In-Situ Resource Utilization (ISRU)
ISRU is the practice of using materials available at a destination body — regolith, water ice, volatiles — instead of hauling them from Earth. Large bases, sustained crewed presence, and interplanetary supply chains are only feasible if the mass ratio stops being dominated by Earth-launched feedstock. Swarm coordination is the missing glue.
Why swarms
Monolithic bespoke rovers have dominated ISRU concepts for two decades: Curiosity-class excavators, large 3D printers, specialized refineries. They are efficient per unit but poorly matched to the actual operating regime:
- Throughput scales with parallelism, not individual size. Thousands of millimeter- to centimeter-scale micro agents processing regolith in parallel outperform one large machine at comparable mass.
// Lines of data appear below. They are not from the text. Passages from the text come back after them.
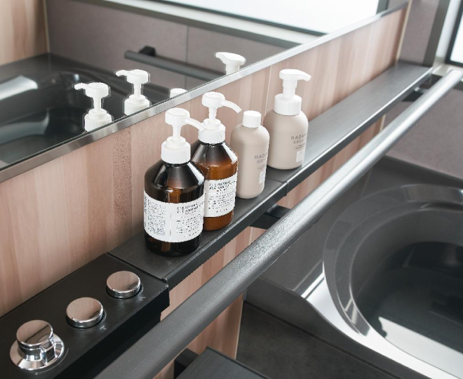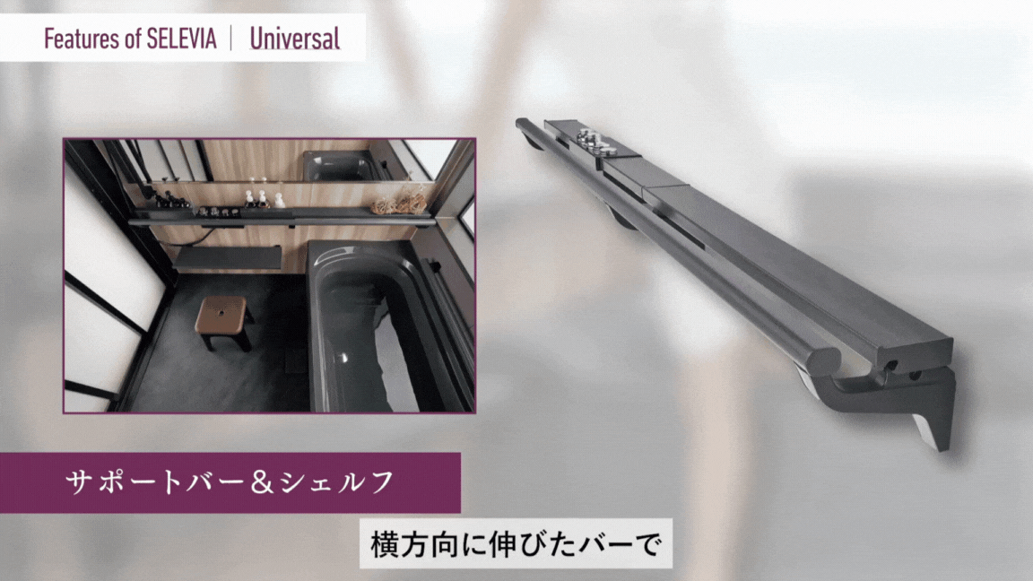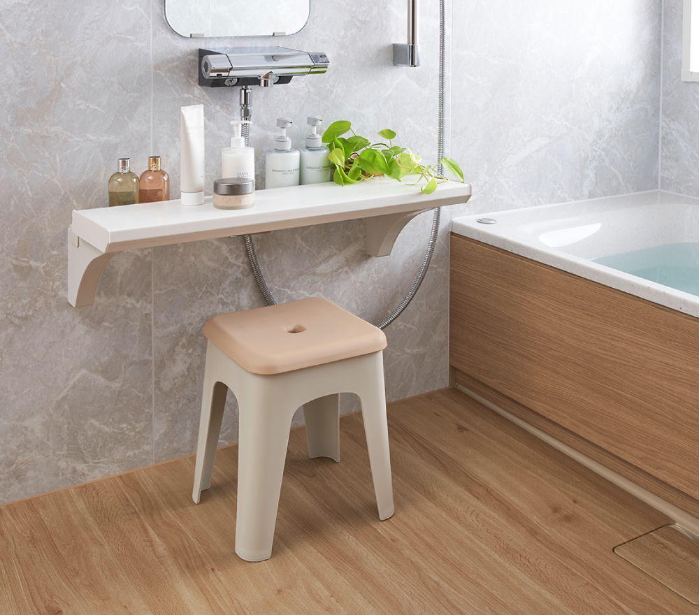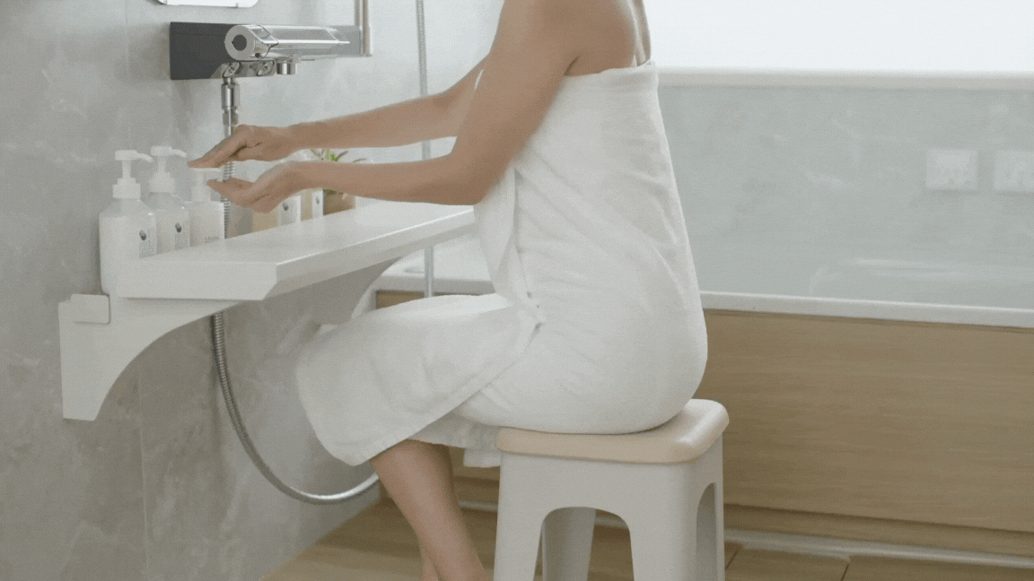 只要輕輕出力就能輕鬆握緊的握把設計讓您在淋浴與浴缸間也能安全移動、並設有瓶瓶罐罐的收納空間,其特點:
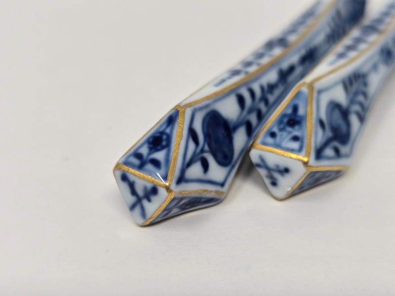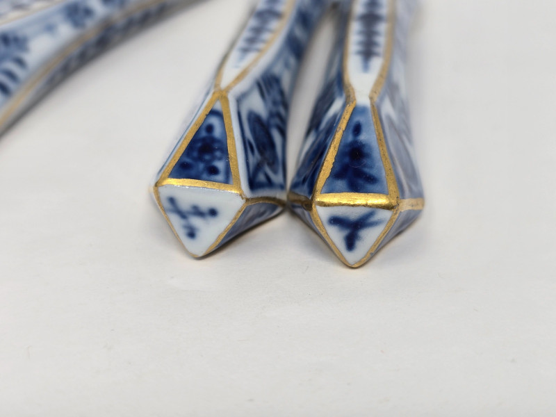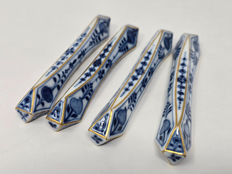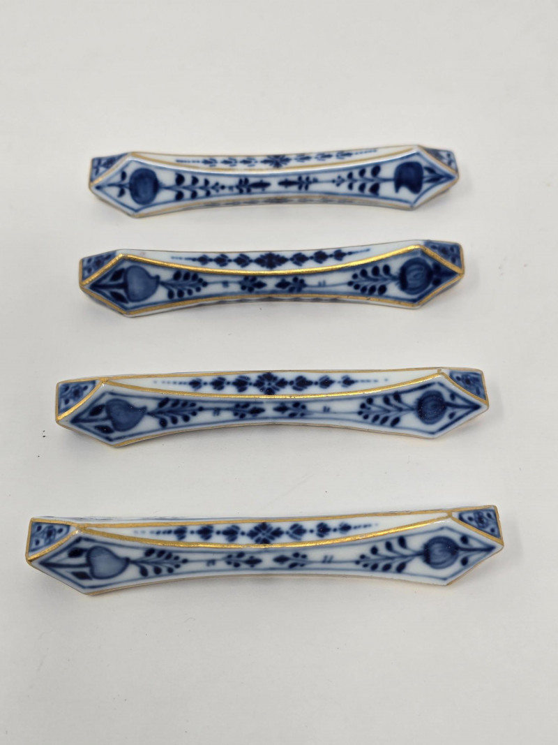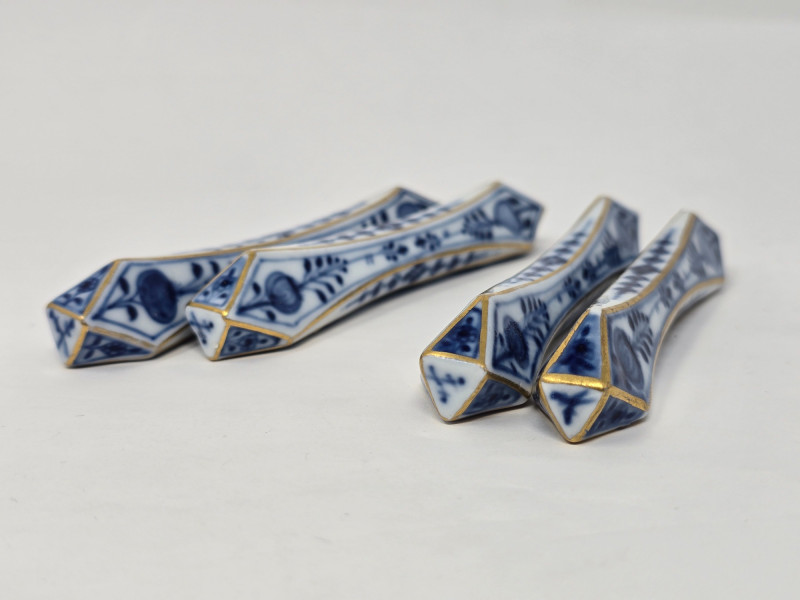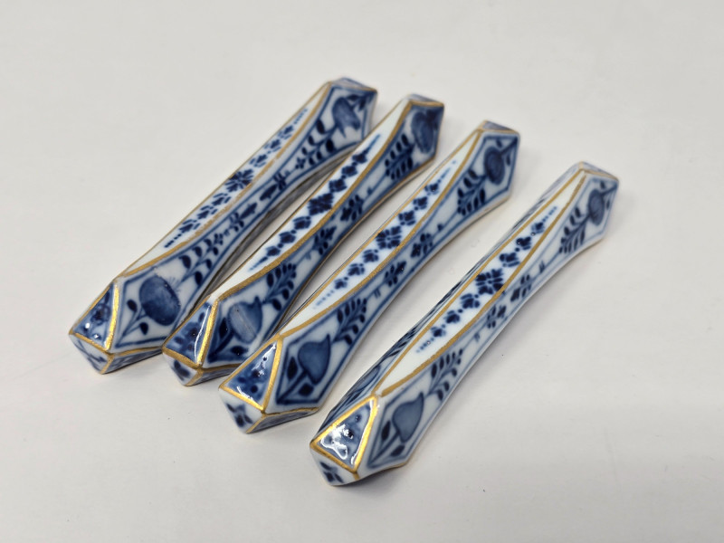 Lot # 110 - Meissen Porcelain Knife Rests – Blue Floral with Gold Trim
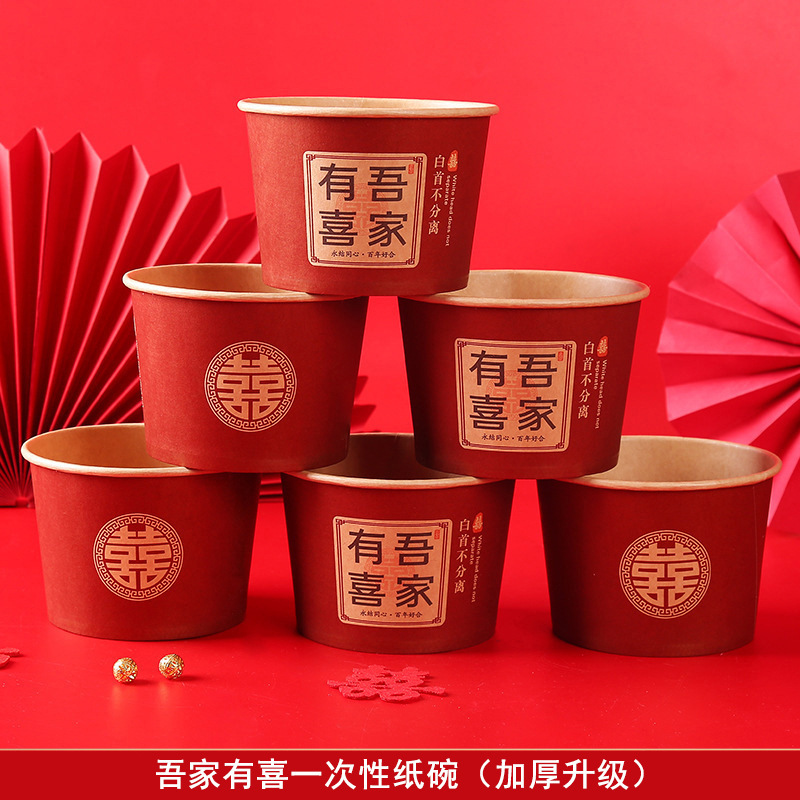 结婚一次性纸碗加厚喜庆红色圆形喜碗婚礼酒席订婚宴家用婚庆用品
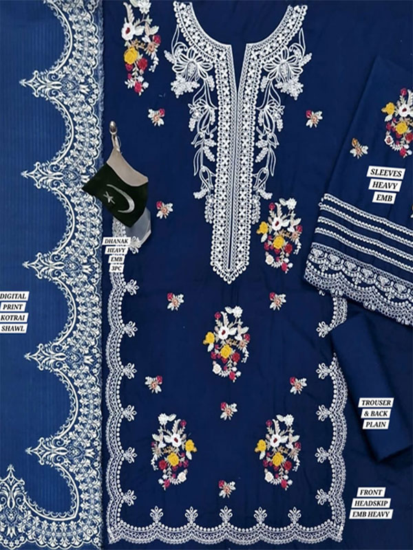 Dhanak Heavy Embroidered Dress With Kortai Printed Shawl (Unstitched) (ST282)
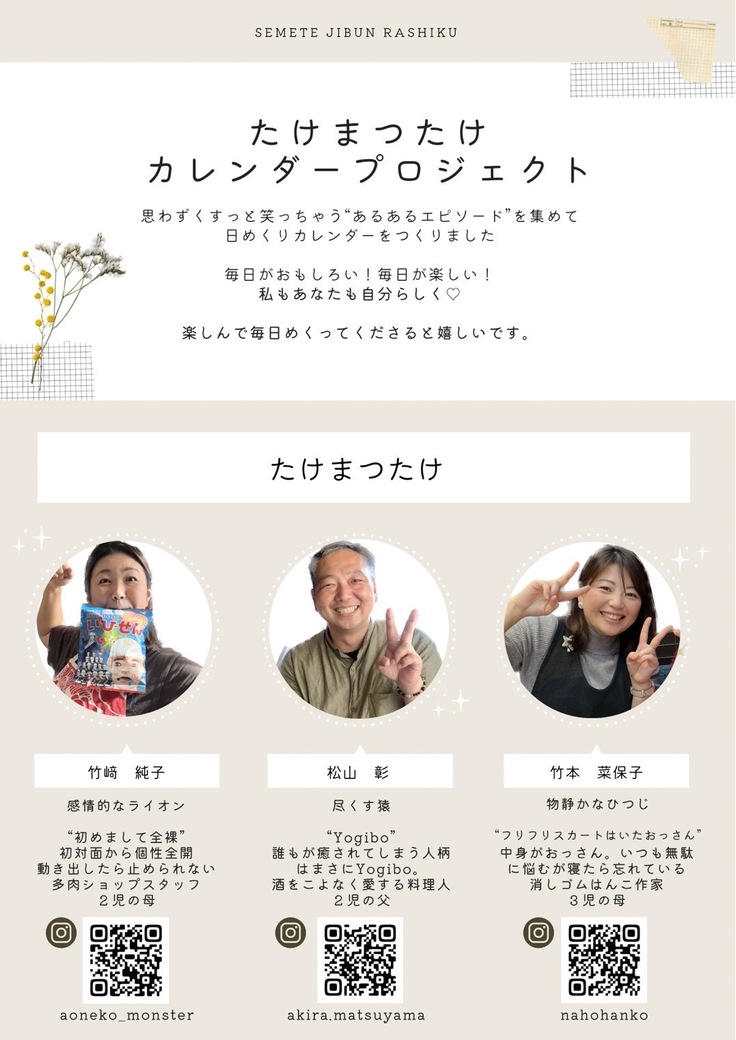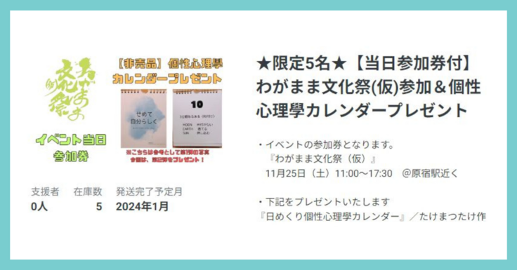 わがまま文化祭(仮)主催メンバーとしてお声掛けした3名。都合により運営参加はできないが、できることがあればと応援してくださっています。 毎日が楽しくなる「日めくり個性心理學カレンダー」を自主製作。大好評につき作成した第2弾を、主催メンバーの方からお願いで、リターンとしてプレゼントさせていただくことになりました!
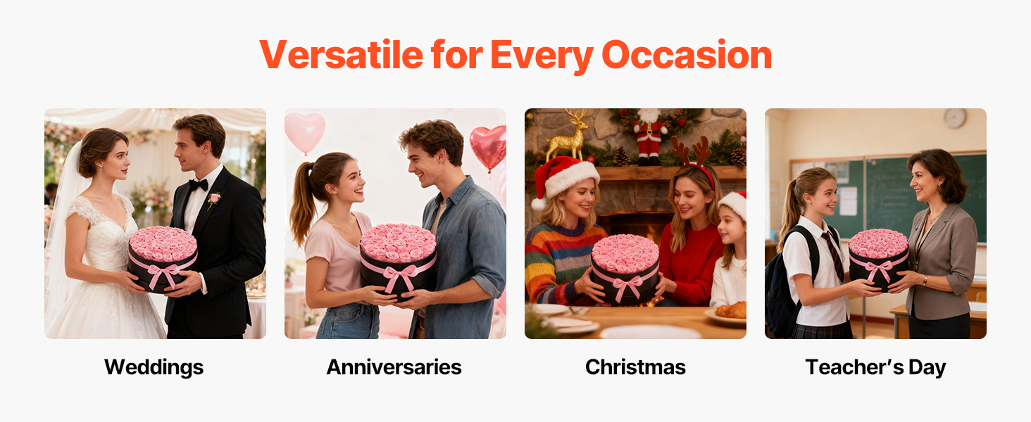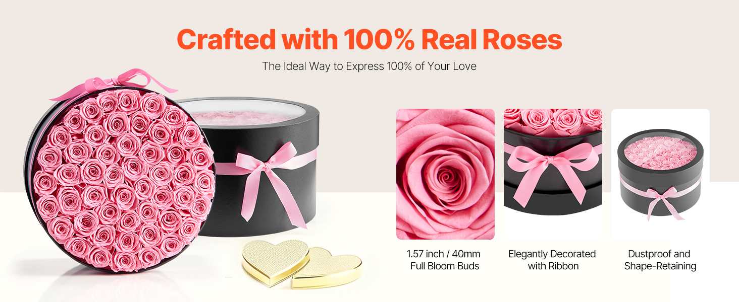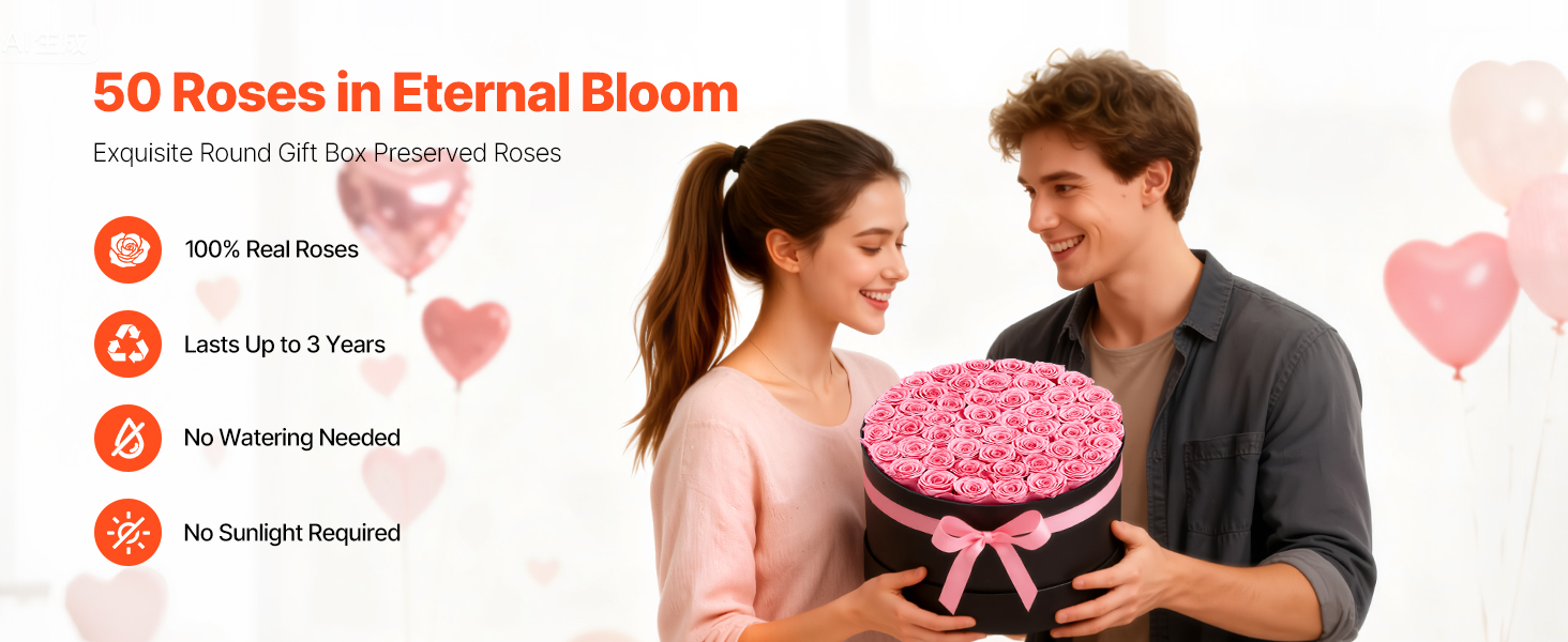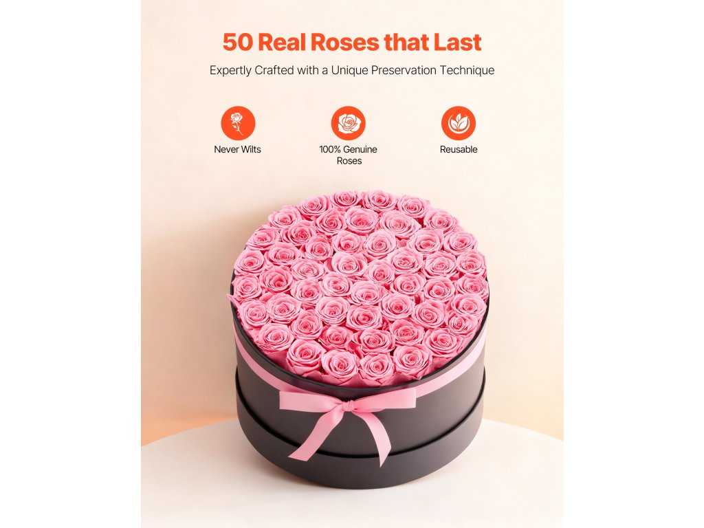Tieto večné ruže sú vyrobené zo 100 % pravých ruží s plnými kvetmi a žiarivými farbami, nevyžadujú zalievanie ani slnečné svetlo a každú oslavu premenia na trvalú romantickú spomienku.
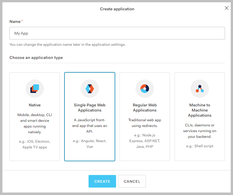 Management Station Authorization Service. - Choose the application type: select Single Page Web Application.
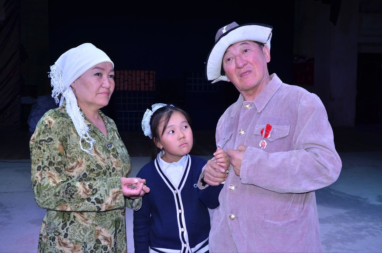 – 1981-жылы окууну бүттүм. Иштейин десем эч жерде орун жок, Нарын театрына “сцена монтировщиги” болуп жумушка кирдим. Карасам, атактуулар Эсенбек Маданбеков, Капар Медетбеков, Бакирдин Алиев, Сейитказы Андабеков, Күмөндөр Абылов жана башкалар жүрөт. Аларды көрүп оозум ачылып калды. Бир күнү “Көк бет” комедиясын коёрдо бир артист келбей калды. Гитара, аккордеон, пианинодо ойногонумду, ишке зирек экендигимди байкаган залкарлар режиссёр Алмаз Зарлыкбековго “ушуну артист кылып бизге кош” дешти. Ал макул болду. Мени тиги келбей калган артисттин ордуна бекитти. Колхоздун активдеринин ролунда Капар Медетбеков, Сейитказы Андабеков, Бакирдин Алиев. Мен бригадирдин ролундамын, кызматым – тигилерге чай берүү, сүйлөп көңүлдөрүн алуу. Сахнада ойноп жатабыз. Калдаңдап жатып чыныны сындырап алдым. Оюма кыргыздын бир ырым-жырымы тык эте калды. Сынган чыныны алып үчөөнүн башынан айлантып, түкүртүп, анан өзүмдүн башымдан айлантып түкүрүп туруп “жамандыктын баары ушу менен кетсин. Ишибиз алга жылсын” деп туруп ыргытып жибердим. Бул эпизод комедияда жок болчу. Ролумду жакшы ойнодумбу, айтор, ошондон кийин “Советтик Кыргызстан” гезитине макталып чыктым.

- Resilience requires multiplicity. A single excavator that fails halts the base. A swarm with 10% attrition still produces 90% throughput.
- Adaptability requires decentralization. Regolith composition, slope, and terrain vary across meters. Local policies outperform global schedules when the physical environment is not uniform.
See the HMA paper for a worked example at the scale of a lunar base pad.
Macro–micro coordination
ISRU at base scale demands two tiers that must stay in lockstep:
- Micro agents. Millimeter- to centimeter-scale. Excavation, compaction, sintering precursors. Energy-constrained; short ranges; prone to individual failure; rely on local rules.
- Macro agents. Rovers, haulers, printers, charging stations. Kilogram- to tonne-scale. Longer ranges, larger energy budgets, structured schedules.
The Arboria HMA mechanism (hierarchical market auctions with energy-aware bids and depot buffering) couples the two. Buffers decouple macro / micro rate mismatches; energy-aware bids prevent depots from draining haulers into a brownout; relay rotation keeps single charging stations from becoming single points of failure.
Research questions
- Optimal fleet composition. Given a target production rate and energy budget, what is the optimal ratio of micro to macro agents? Currently set empirically — belongs in the benchmark suite.
- Depot geometry. How many depots, at what separation, for a base of size S? Depot count interacts nonlinearly with hauler count and fleet energy.
- Energy accounting honesty. Published mobility-energy figures understate thermodynamic cost by 50–100× because sintering is 1–5 MJ/kg for lunar regolith. The paper makes this scope explicit; more realistic energy modeling is an open direction.
- Wear propagation. A failure model that correlates with actual mechanical wear (not fail-stop at random rate) would change fleet-composition trade-offs materially.
Adjacent work
- Classical ISRU surveys: Sanders & Larson; IEEE Aerospace proceedings.
- Robotics constructors without swarms: NASA RASSOR, ispace Mission 2 platforms, MIT’s TERRA project.
- Market-based multi-robot coordination: Dias, Parker, and the MRTA taxonomy literature.
Arboria’s contribution is the coupling of all three: macro–micro fleets, market-based energy-aware scheduling, and published scale numbers at 10⁶+ agent mixes.